This post suggest a way of handling exceptions thrown in an akka-stream. It presents a custom made graphStage for getting hold of a failing element in an akka-stream. It is basically a fancy wrapper for a try-and-catch-block.
Last summer I had the issue that some upstream elements on an MQ (source queue) were not compatible with a schema used for transformation within a akka-stream. This caused the stream to fail. However, there were supervision mechanisms in place to restart the stream. The stream had a read, write, commit-read procedure in place in order to avoid losing elements. In other words, only after a successful write to the sink (a kafka topic in our case) would the element be taken of the source queue - this procedure provides a at-least-once-delivery-guarantee of elements. Unfortunately, having this guarantee in place meant that after a restart of the stream the failing element showed up again and consequently the stream got stuck in a fail-loop...
Given this at-least-once-delivery guarantee it becomes apparent that a mere restart of the stream is not an option when the processing of a stream element fails due the properties of the element in question. A better idea would be to output the failing element on some message queue or table where someone can investigate the cause of the failure. However, I have not found a suitable mechanism in the akka library to get hold of the failing element upon when the exception is thrown within a stream.

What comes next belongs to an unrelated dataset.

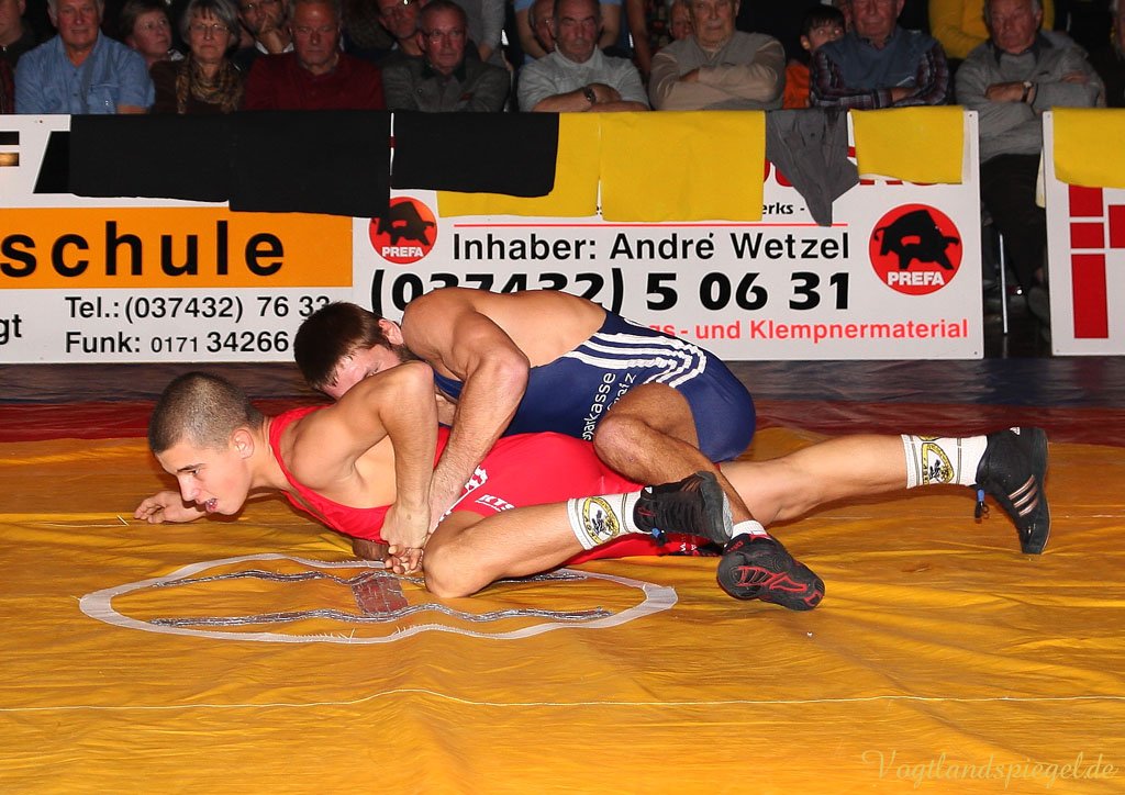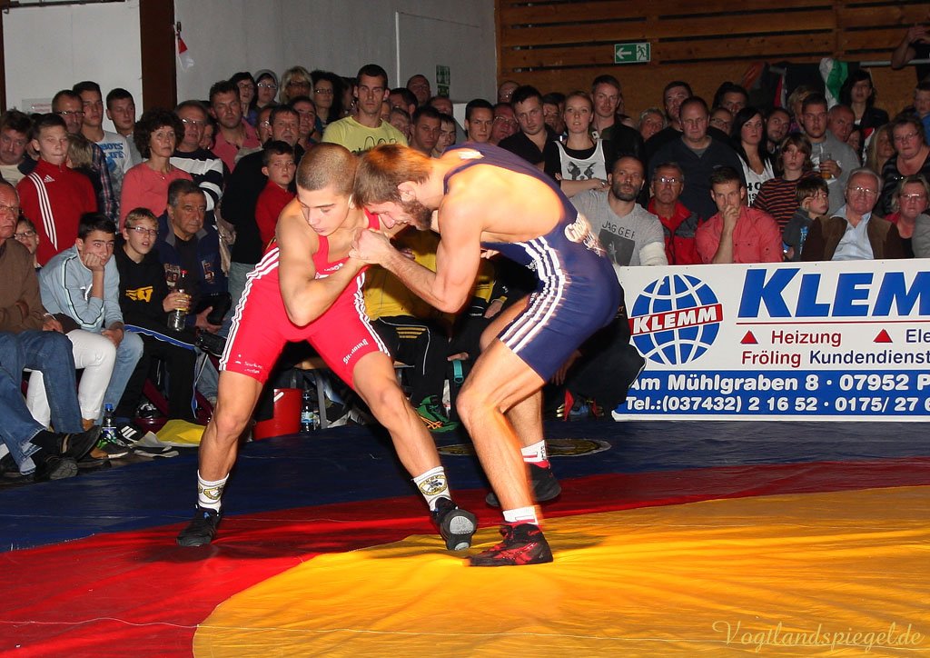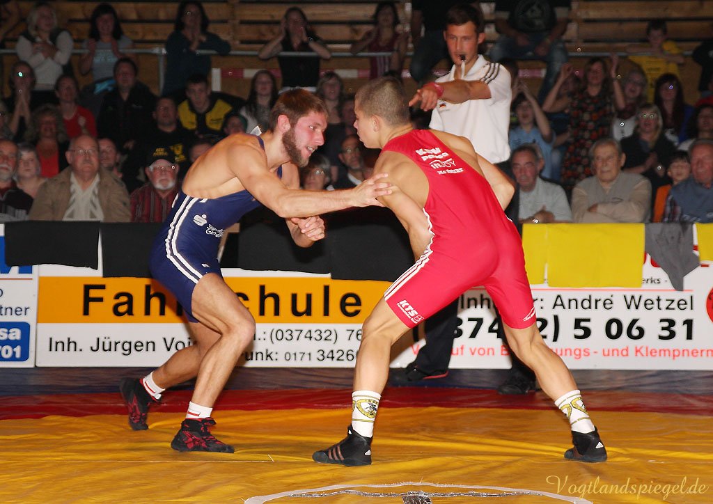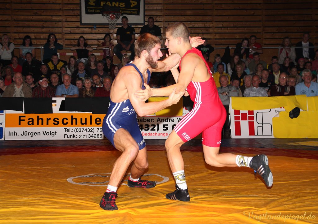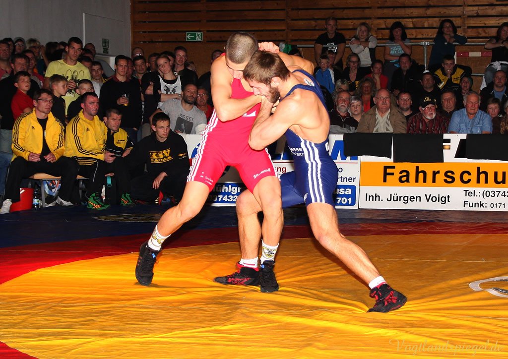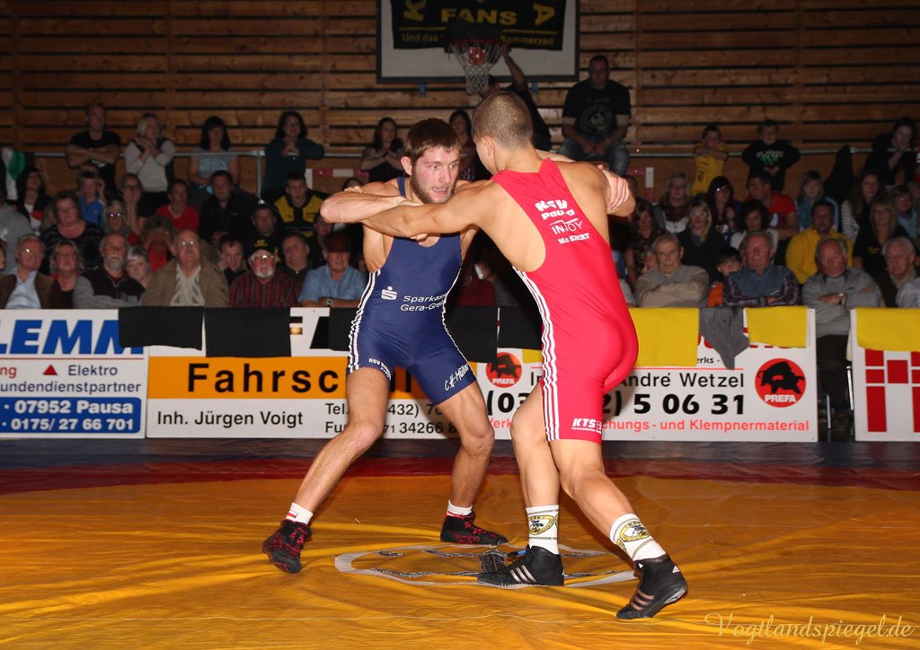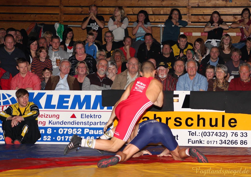 WKG Pausa/Plauen – RSV Rotation Greiz 10: 22 Adam Slowinski,WKG Pausa/Plauen gegen Vladimir Codreanu (rot), RSV Rotation Greiz.PAUSA. Der Tag begann erfolgreich für die Ringer der WKG Pausa/Plauen in der Schulturnhalle Pausa. Die Jugendmannschaft bezwang die WKG Lugau/Thalheim und dann auch den Spitzenreiter aus Greiz mit 20:16. Allerdings war bei diesem Erfolg schon ein Schönheitsfehler dabei, denn die Greizer haben den Vorkampf höher gewonnen und würden bei Punktgleichheit am Ende der Saison vorn liegen. Am Abend freute sich dann nur noch der Kassierer der Wettkampfgemeinschaft. Zwar hatten mehr als 500 Zuschauer den Weg zum Spitzenkampf der 2.Bundesliga Nord zwischen der zweitplatzierten Wettkampfgemeinschaft und dem ungeschlagenen Tabellenführer RSV Rotation Greiz gefunden, die Gastgeber hatten aber keine Chance auf den Sieg. Den Greizern, zurzeit in hervorragender Form, scheint einfach alles zu gelingen. Nach dem sechsten Sieg im sechsten Kampf haben sie nun schon sechs Punkte Vorsprung vor den Verfolgern Pausa/Plauen, Markneukirchen und Werdau. Natürlich war auch eine vielköpfige Fangemeinde aus dem thüringischen Vogtland angereist, die für die nötige Derbystimmung sorgte. Und Klassekämpfe standen auf dem Programm. Hallensprecher Andreas Seidel konnte bei der Vorstellung der Mannschaften fast bei jedem Aktiven auf Medaillen bei Meisterschaften in Deutschland, Polen, Bulgarien und Moldawien verweisen.

There is another posts addressing this topic. However, the author is using Scala and making use of Either
which per se does not exist in Java.
Consider the following "picky" function
applied in a stream of strings.
Obviously the stream will fail on the third element. The akka-stream library provides ways of handling this kind of error. For instance, we can define a supervision strategy which skips the problematic element for a specific type of exception. Another option is to wrap the stream with an actor and restart the stream upon failure. Yet for neither of these options is it possible to get hold of the reference to the failing element. The only thing available is the exception in it self. Thus, we are left with logging the exception or bubbling up the exception to some supervisor. In both cases the original flow element reference is lost and we are left with checking the log or somehow embedding the desired information about the element in the throwable, which does not seem like a viable option.
In contrast, in plain java it is easy to get a hold on a parameter which most likely caused the failure of a function call. Just wrap it in a try-and-catch-block:
How can we apply it within an akka-stream? One option would be to simply wrap the whole body of a function in a try-and-catch-block. However, what would you return from such a function incase of an exception catch? Some elements of the correct return type needs to be passed on in order to keep the stream going.
A potentially better approach might be the use of a custom graphstage. Graphs in akka-stream are used when you have an operation with multiple inputs and/or multiple outputs. The entry and exit points through which the stream elements flow are referred to as in- and out-ports. In our case we have a single input port (in) and two mutually exclusive out- (out, outException). Either the function call succeeds and we have the resulting element which we pass downstream through the normal out-port(out) or we catch the exception thrown from the function and push the problematic untransformed element down the "special" out-port (outException) into an "exception" sink. The following graph illustrates this basic idea.
The previously introduced stream would now look as follows. The MapWithException class defines the custom made graphstage and MapWithException.map() returns the desired Flow by connecting all the ports of the graphstage as described here.
The MapWithExceptionSink class is shown in following gist.
The createLogic function returns a Graphstage logic where the three ports in, out, outException are assigned their respective handles. The first handle is a "onPush" handled assigned to the in-port (in) of the graph stage. It defines the behavior upon a push from upstream.
In the handler of the in port you recognize the core of this graphstage. It is a try and catch block wrapped around the application of the into MapWithExceptionSink.map() passed function. The sole parameter is the stream element received from upstream. If the function call f.apply() succeeds we send the result to the "normal" downstream (out), else the original element gets sent to the exception queue (exceptionOut).
out is assigned an "onPull" handler which pulls in if exceptionOut is available and vice versa for exceptionOut. This reciprocal check of the out-ports state before pulling assures that only when both out-ports are available will in be pulled again. This argument holds due to the state transition of an out-port as depicted in the following state diagram from the akka docs. Namely, a port which is pulled by the connected downstream is available, hence, in the βonPullβ handler of the port in question we only need to check whether the other port is available as well.
Making sure that upstream is only asked for the next element when both out-ports are available is crucial to avoid that elements are pushed downstream before the downstream operator is available. If you do not get this right you will encounter exceptions from the graph stage such as java.lang.IllegalArgumentException: requirement failed: Cannot push port (out) twice
. It would break the backpressure mechanism inherent in akka-streams.
In short, this custom graphstage allows you to capture elements which cause specific function calls to fail and output them in a designated sink. For all other exceptions which are thrown outside of the function in question we can still apply the normal recovery mechanisms provided by akka-streams.
You can find the full code with some basic unit tests at https://github.com/florin-akermann/exception-sink
P.S: The exceptionOut port should probably receive the failing element as well as the exception. This can be achieved by defining the port exceptionOut as Outlet<Pair<O1, Throwable>>
A word of caution
The creator of akka-stream specifically warn about the many pitfalls when creating and using custom graph stages.